Despite many of the ornaments being in rough condition, lights being out and time ticking dangerously close to Christmas, enough people have stepped forward, it appears, to light the park — albeit it likely will be in a more limited display than what locals have been used to.
Just to refresh the memories. A committee of dedicated, yet aging volunteers have for the past 20-plus years given up countless hours to bring the people of Laurel a display in Mason Park on 7th Avenue that is like no other. Lights, angels, rocket ships and Santa Claus literally bring the park alive once the natural light disappears. The City of Laurel provides the electricity, but has nothing to do with presenting the display.

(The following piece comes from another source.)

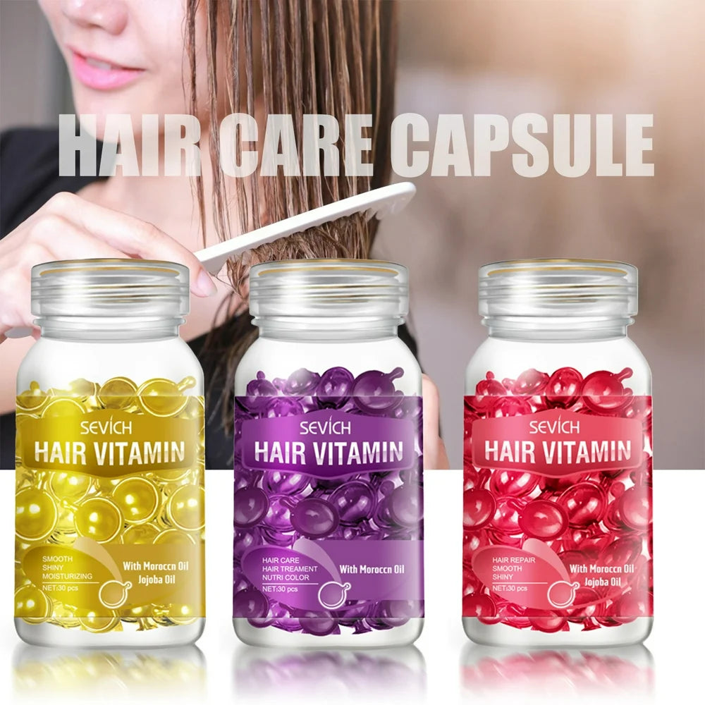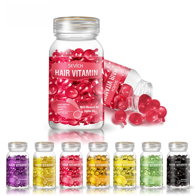 Qinghai 30Pcs/Set Repair Hair Vitamin Moisturizing Hairs Natural Smooth Silky Capsule Keratin Complex Hair Care Oil for Female

That, likely, led to a lack of volunteer support over the past several years. Passersby likely saw a public park and figured the city was responsible and let the city works do their thing.
Two years worth of pleas for more help — the average age of the group of seven volunteers to produce the display is 68 years old — went unanswered. Only when organizers delivered the bad news — like Santa Claus did to the elves in “Rudolph the Red Nosed Reindeer” — that there would be no display did the lights begin to shine.
Thanks to all those who have stepped up. The display will be much smaller than what we are used to, but if those who rose to keep the special park displays can take that passion and momentum into the future, the display will be bigger and better than ever come next year. Putting that display together takes months of preparation, sweat and toil. The biggest obstacle for the “newbies” will be learning all the intricacies that go into creating that display. That work will have to start in the summer swelter well before anyone, outside of Walmart of course, begin to put up Christmas displays.
This is a start, though, and one we all hope takes root in the next generation of Laurelites who are stepping forward. Of course, many people have “volunteered” with the display in the past for a Saturday or two, then realize how much work goes into it and are never heard from again. It takes a special kind of dedication to take on that undertaking every year — and that is the part that will need to be learned most of all.
Just as Rudolph stepped up with his bright red nose to lead Santa’s sleigh and save Christmas, the lights appear to be shining again in Mason Park.